*What the exercise asks*. Copy the records below exactly, starting at the line that contains "平(5画)瀬(20画) 比(4画)奈(8画)" and ending at the line that contains "幅75mm×長さ4m [1巻入]・ベージュ 75mm×4m"; leave out any pictures.

□ □ □ □ □

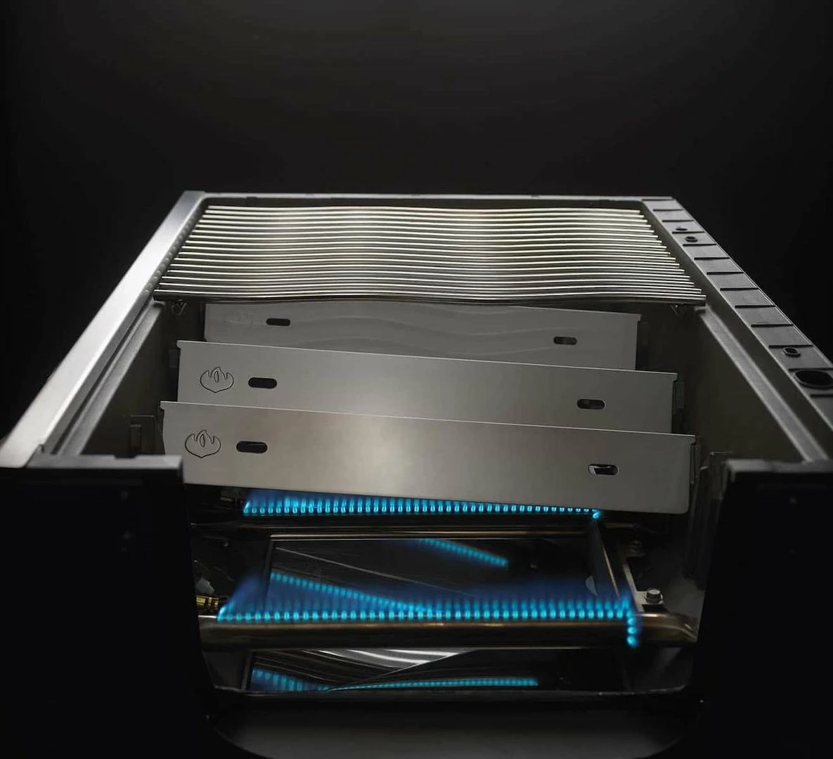 Debajo de los protectores de llama de la Napoleon Prestige Pro 665 Negra, encontrará los cinco quemadores de Acero Inoxidable 304 de Napoleon. Cada uno de ellos se enciende mediante el fiable sistema de encendido Jetfire, para un encendido rápido y seguro.
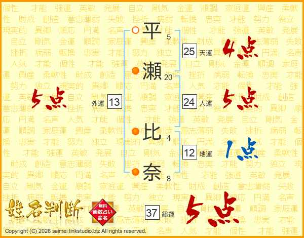 平(5画)瀬(20画) 比(4画)奈(8画)
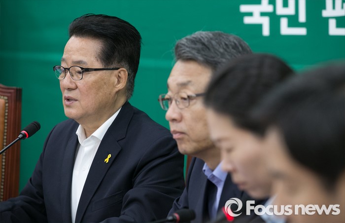 (서울=포커스뉴스) 12일 오전 서울 여의도 국회에서 열린 국민의당 원내정책조정회의에 참석한 박지원(왼쪽) 원내대표가 모두발언을 하고 있다.
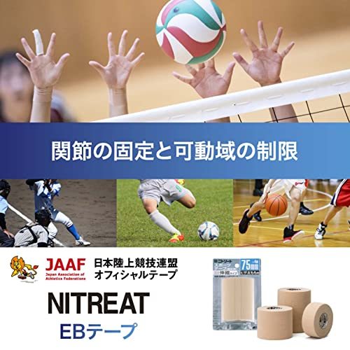 幅75mm×長さ4m [1巻入]・ベージュ 75mm×4m EB-75BP・・Style:幅75mm×長さ4m [1巻入]・幅:75mm・長さ:4m・入数:1巻入・部位:足・腰用・基材:綿JAAF日本陸上競技連盟オフィシャルテープ ハードタイプの伸縮テープで、特徴的な編み方で強いサポート力を実現しました。 ※肌の弱い人、荒れ性の人は使用しないでください。本品の使用により、皮膚に異常があらわれた場合は使用を中止し、医師にご相談ください。また、傷などのある場所には使用しないでください。 75mm×4m 1巻入り
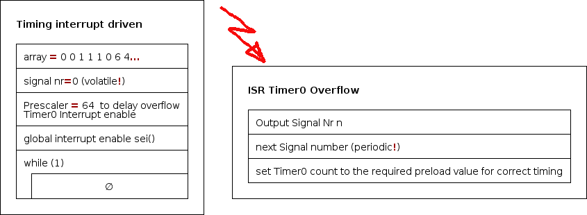 Ein Timer wird so eingestellt, dass seine Überläufe den Takt vorgeben; man kann den Timer auf einen bestimmten Wert setzen (preload), dann läuft er schneller über. Nach einem Overflow wird in der Interrupt Service Routine (ISR) mitgezählt wie oft der Überlauf passiert ist und immer wieder der richtige Preload-Wert gesetzt. -
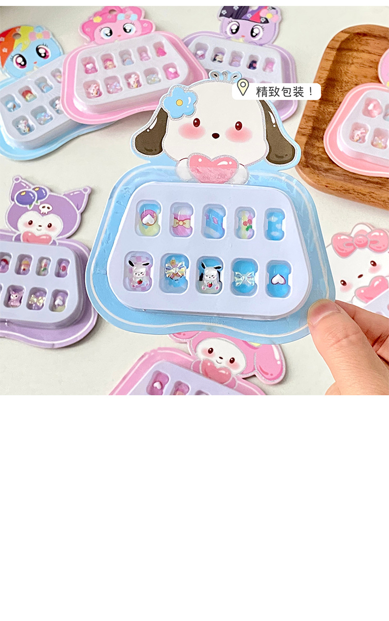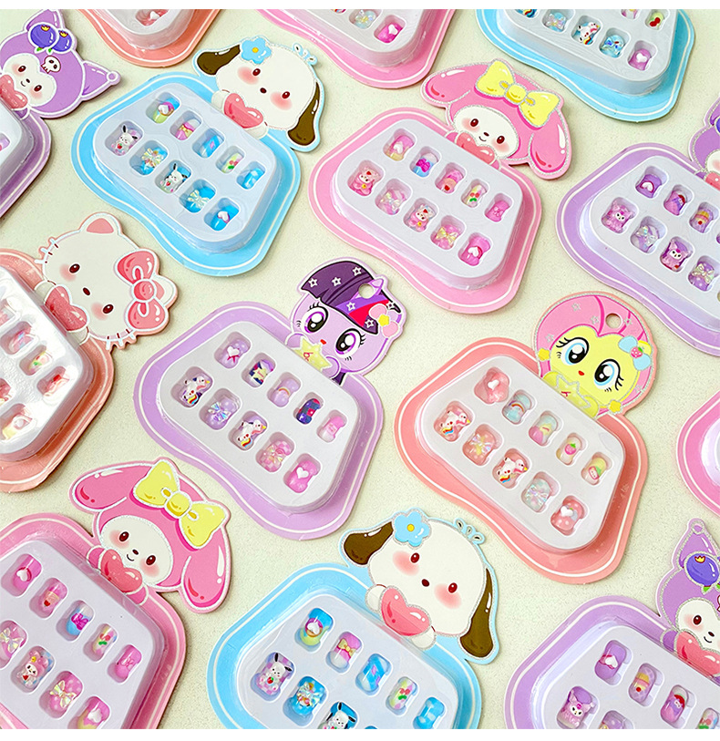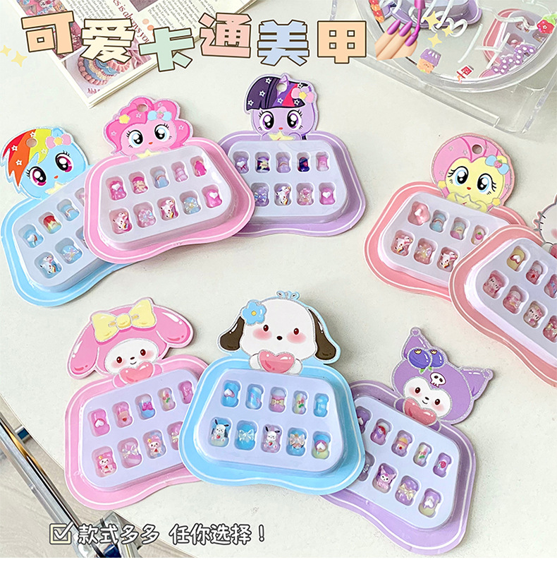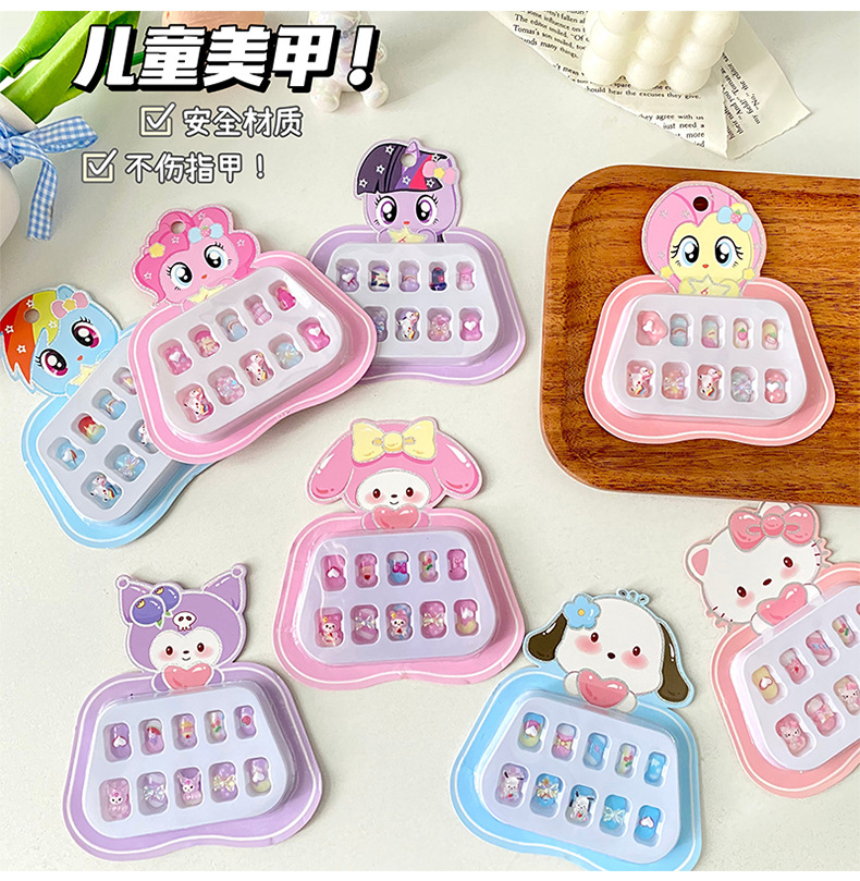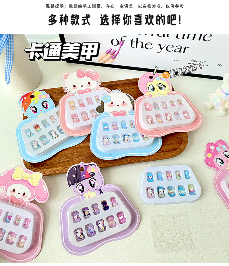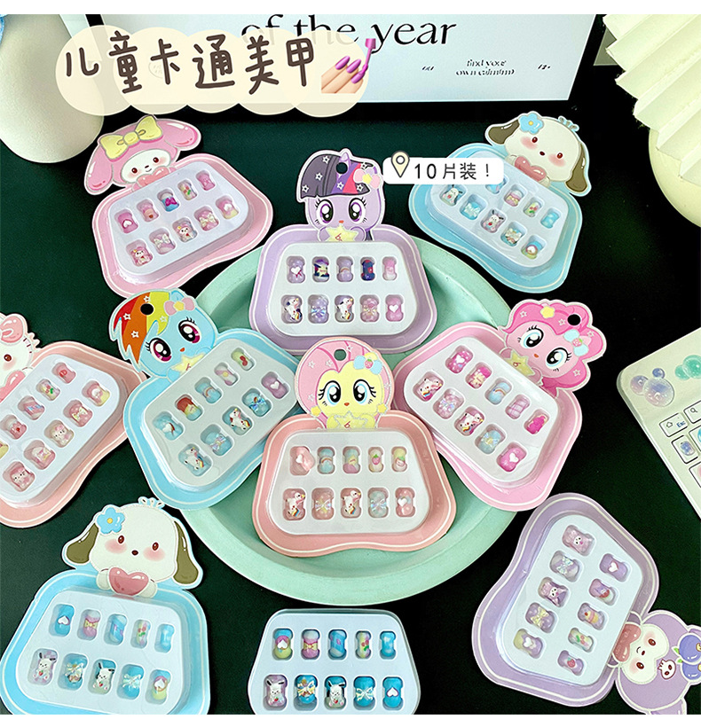 新款闪亮可爱卡通立体美甲片儿童指甲贴片公主穿戴美甲贴现货批发
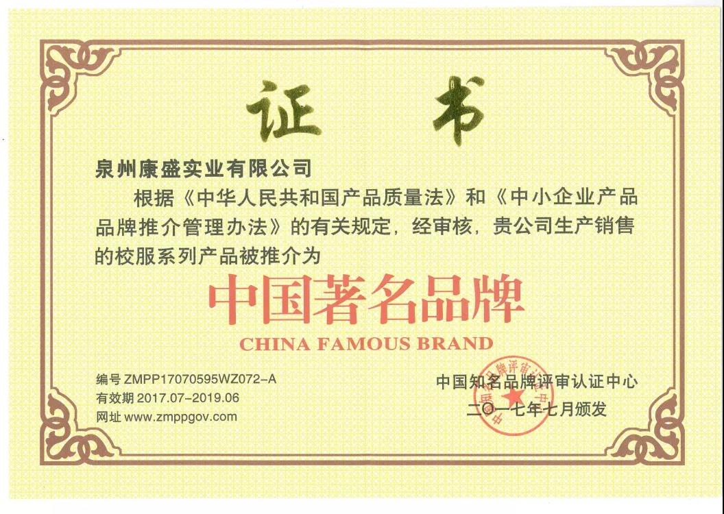 中國知名品牌評審認證中心推薦為“中國著名品牌”

□ □ □ □ □

*Exercise result*.
 平(5画)瀬(20画) 比(4画)奈(8画)
 (서울=포커스뉴스) 12일 오전 서울 여의도 국회에서 열린 국민의당 원내정책조정회의에 참석한 박지원(왼쪽) 원내대표가 모두발언을 하고 있다.
 幅75mm×長さ4m [1巻入]・ベージュ 75mm×4m EB-75BP・・Style:幅75mm×長さ4m [1巻入]・幅:75mm・長さ:4m・入数:1巻入・部位:足・腰用・基材:綿JAAF日本陸上競技連盟オフィシャルテープ ハードタイプの伸縮テープで、特徴的な編み方で強いサポート力を実現しました。 ※肌の弱い人、荒れ性の人は使用しないでください。本品の使用により、皮膚に異常があらわれた場合は使用を中止し、医師にご相談ください。また、傷などのある場所には使用しないでください。 75mm×4m 1巻入り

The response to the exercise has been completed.